Mailing List Archives
Authenticated access
|
|
|
[Date Prev][Date Next][Thread Prev][Thread Next][Date Index][Thread Index]
Re: [HTCondor-users] ResidentSetSize
- Date: Tue, 10 May 2016 15:01:08 -0500
- From: Todd Tannenbaum <tannenba@xxxxxxxxxxx>
- Subject: Re: [HTCondor-users] ResidentSetSize
On 5/10/2016 2:38 PM, Bob Ball wrote:
It would appear that the ResidentSetSize value does not immediately
appear in the Job ClassAd as a job starts, but only some short time
later. OK, I can live with that.
However, what is harder to understand is that we have seen instances
where it will display a value of 27GB when a job starts! I was trying
to use this on the schedd machine
SYSTEM_PERIODIC_REMOVE = ResidentSetSize > 5000*RequestMemory
but that 27GB cut was killing the jobs. However, once I removed this
from the schedd, similar jobs finished fine, with ClassAds reporting
only about 2.7GB of final ResidentSetSize.
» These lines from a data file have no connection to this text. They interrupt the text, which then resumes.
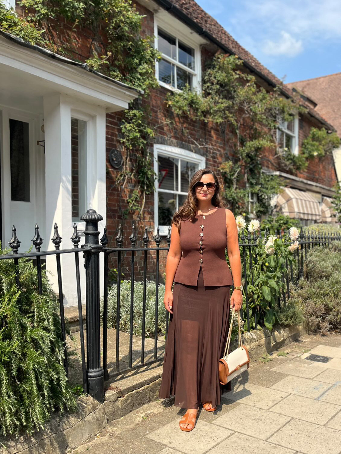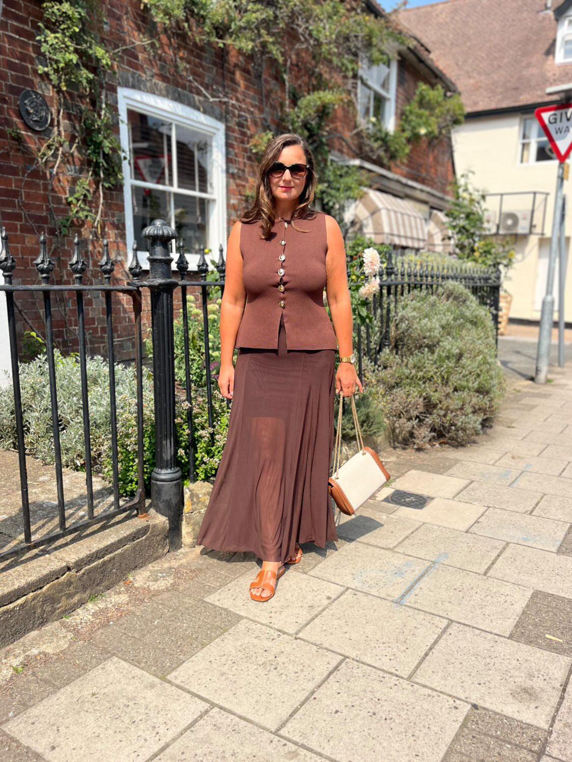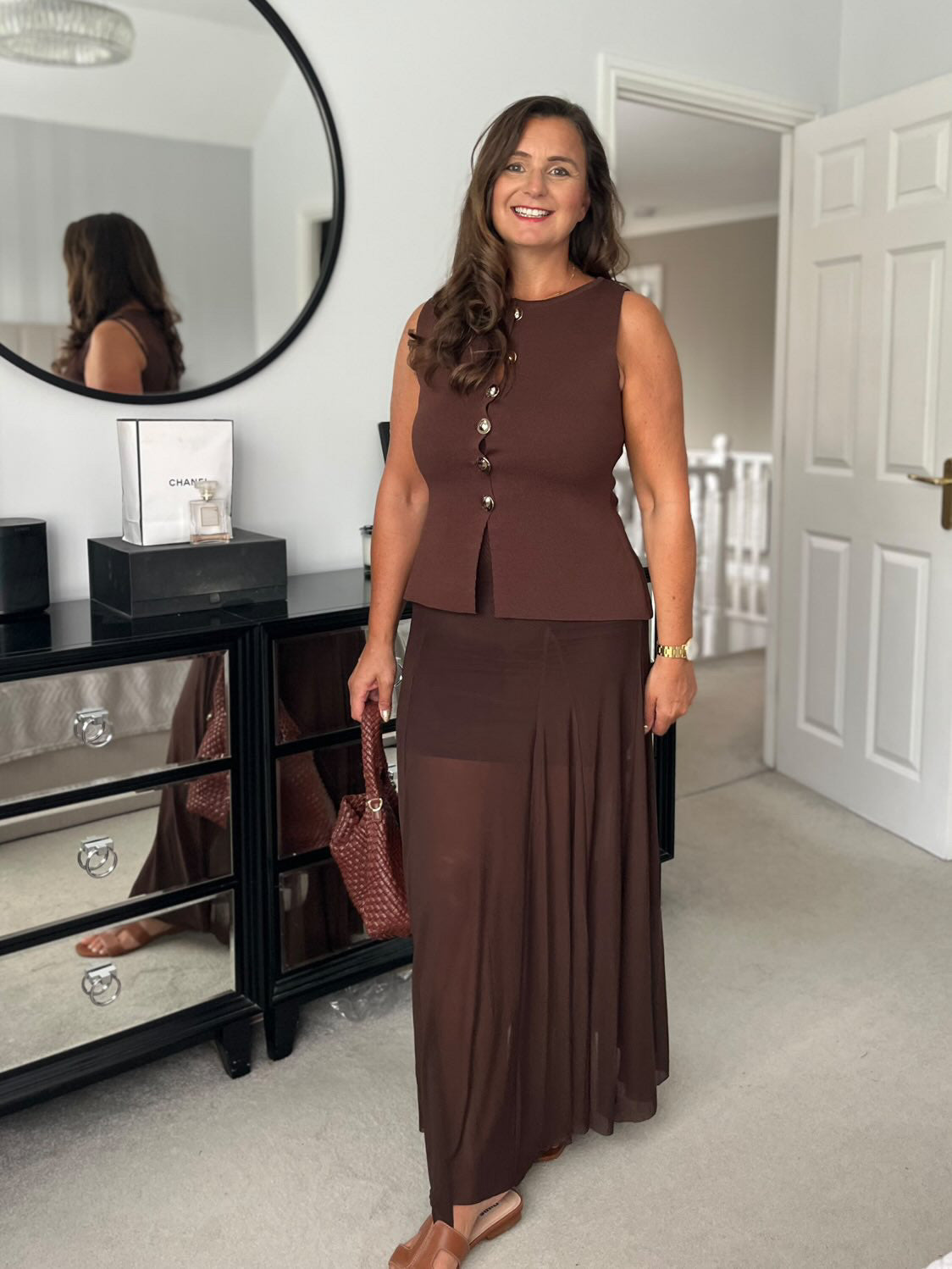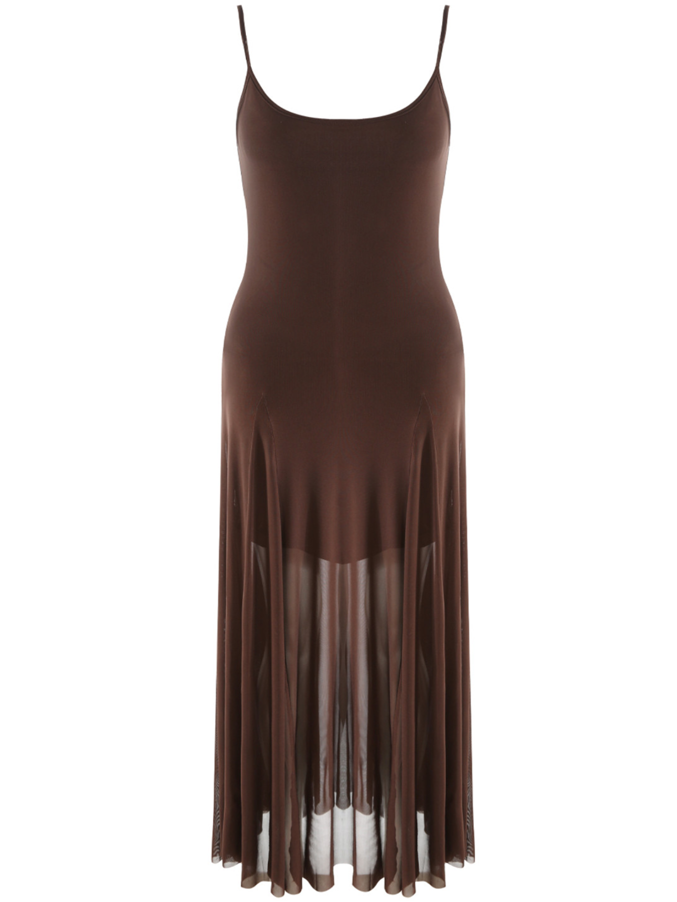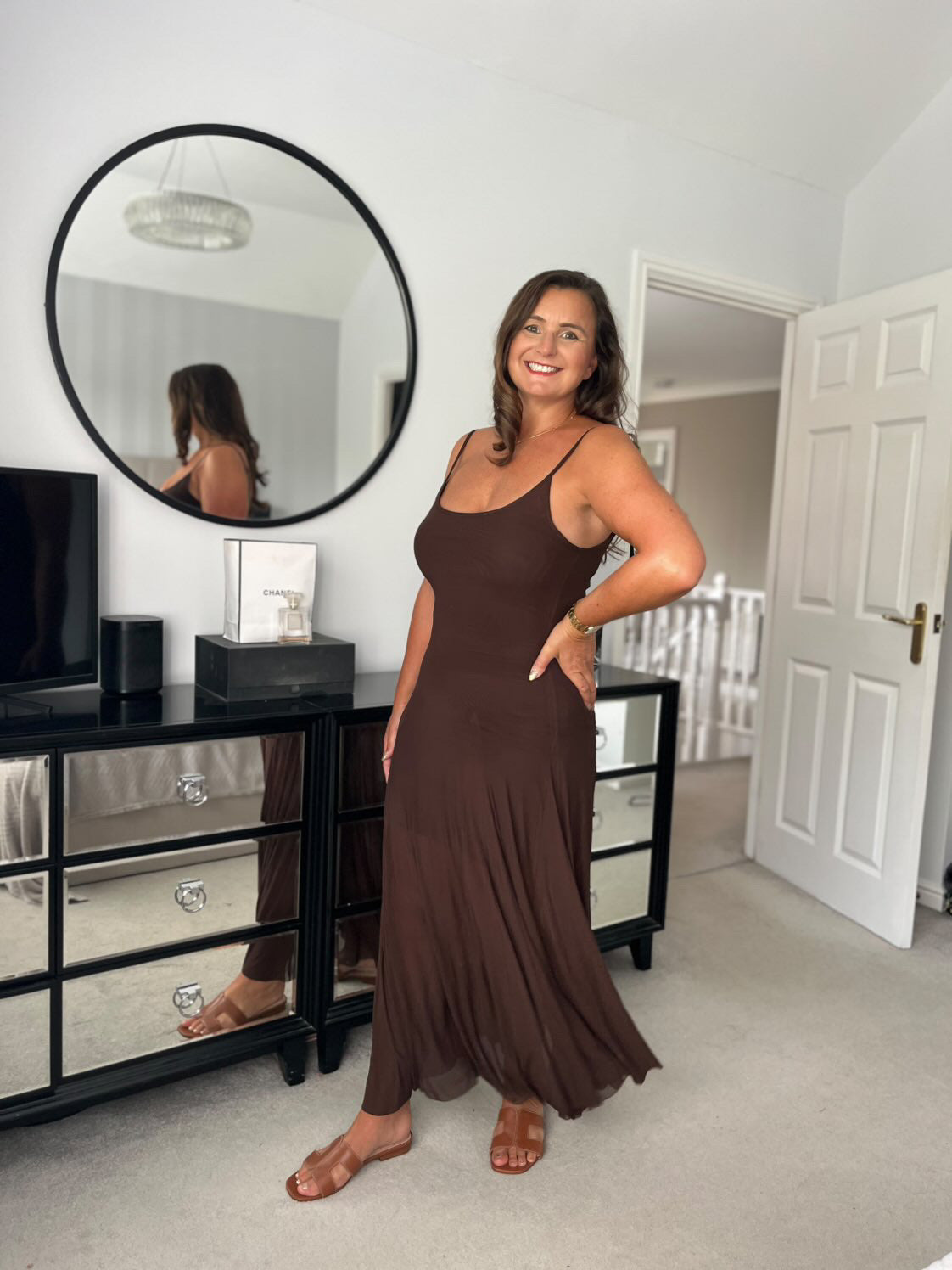 Effortless and edgy, this stretchy mesh maxi dress features a fitted dress underneath and has a gorgeous swishy skirt. It also has adjustable straps. Perfect solo with heals or sandals, or dressed down with an oversized jumper, cardigan or denim/leather jacket and trainers/boots....more pics to follow styling with knitwear aswell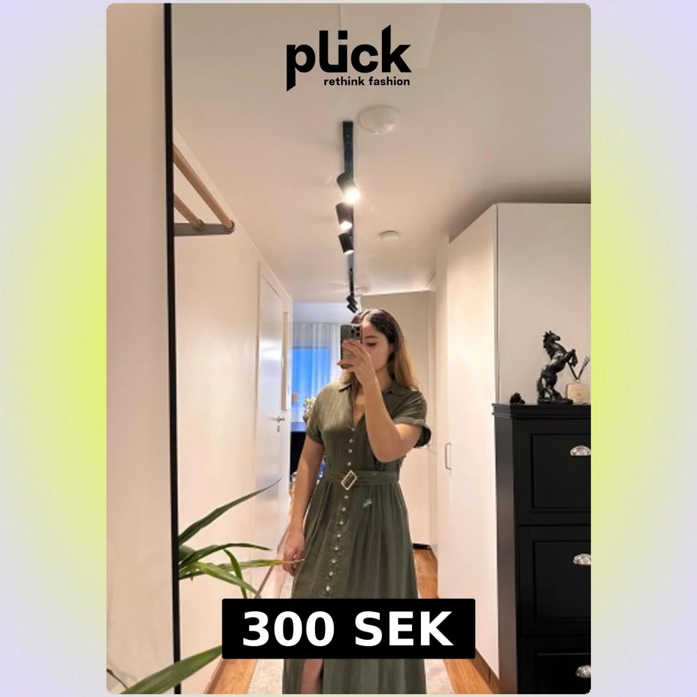 Olivgrön långklänning från Zara i linne med korta ärmar, v-ringning och knappar längs hela framsidan. Klänningen har ett matchande bälte i midjan och en liten slits framtill. Perfekt för dig som gillar en avslappnad men ändå stilren look.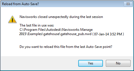 - Inicie o Autodesk Navisworks. Você será automaticamente instruído a recarregar o último arquivo em que estava trabalhando.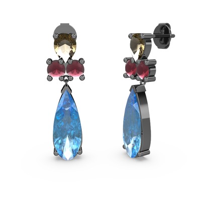 Akuamarin, dumanlı kuvars ve kök yakut 925 ayar siyah rodyum kaplama gümüş küpe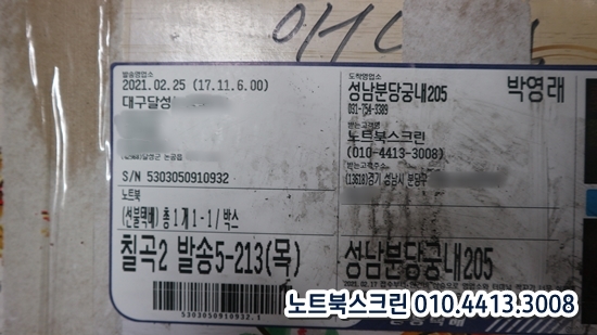[택배-수리완료] 대구광역시 달성군에서 온 삼성노트북액정수리 NT500R5H-L34S 액정화면깨짐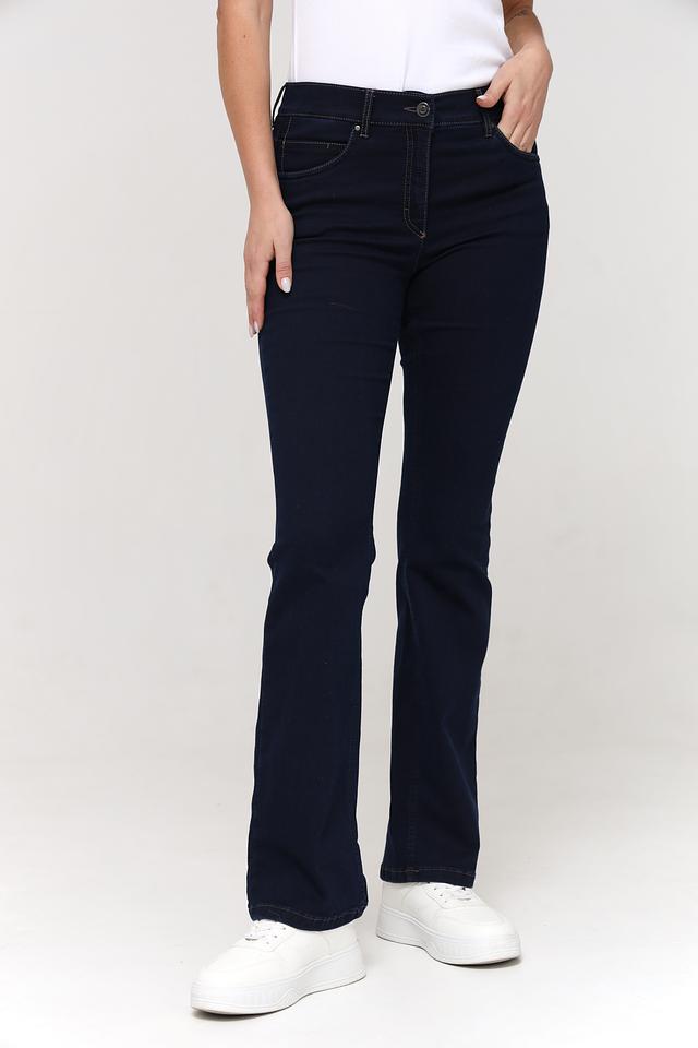 Темно-синие джинсы ZRS клеш – стильная и удобная модель для повседневной носки. Классический крой и эластичный состав обеспечивают комфортную посадку по фигуре и свободу движений. Состав: хлопок 65%, полиэстер 31%, эластан 4%
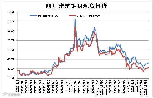 统计数据显示,成都建筑钢材现货价格与上期所螺纹钢期货价格存较强联动性,基差正常波动区间为-100-300元/吨。本周现货价格弱于期货,12月9日成都Φ20mmHRB400现货价为4080元/吨,RB2305合约期价为3945元/吨,基差为135元/吨,周环比-111元/吨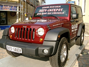 Der neue Gewinn am Mystery-Jackpot Jeep WranglerBad Dürkheim. Ein Stammgast der Spielbank Bad Dürkheim knackte am Wochenende den Auto-Jackpot an der Mystery-Jackpot-Anlage. Die 67-jährige Dame aus Ludwigshafen freute sich riesig über ihren Gewinn. Sie kann es kaum erwarten, bis sie den rasanten Sportwagen, einen Chrysler Crossfire Roadster, mit nach Hause nehmen und mit ihrem nagelneuen Auto ihre ersten Touren durch die Pfalz starten kann.

Has anyone seen this kind of thing before? How could this be real, and
why does the ResidentSetSize not appear in the job ClassAd at job start?
We are running HTCondor 8.4.6 with cgroups enabled.
Hi Bob,
Couple quick thoughts:
1. We've seen Linux cgroups report large memory sizes for jobs because
it is including memory used by the kernel to buffer file system writes.
If you have condor_config knob ENABLE_KERNEL_TUNING set to True (the
default), HTCondor should prevent this problem from happening starting
with v8.4.5. But if you disabled this for whatever reason, that could
be the culprit. For more info see
https://htcondor-wiki.cs.wisc.edu/index.cgi/tktview?tn=5500
2. Suggest using MemoryUsage for all policy expressions instead of
ResidentSetSize.
3. As to why does ResidentSetSize not appear in the job classad at job
start : Immediately at job start (i.e. right after the job is execed),
many jobs haven't allocated much memory yet, because they are still
initializing. So now the question is how long to wait... 1 second? 1
minute? By default HTCondor waits 8 seconds after job startup before
updating ResidentSetSize and other attributes. There is a
condor_starter config knob for this named STARTER_INITIAL_UPDATE_INTERVAL.
4. You may be interested in the HOWTO at
https://htcondor-wiki.cs.wisc.edu/index.cgi/wiki?p=HowToLimitMemoryUsage
hope the above helps
Todd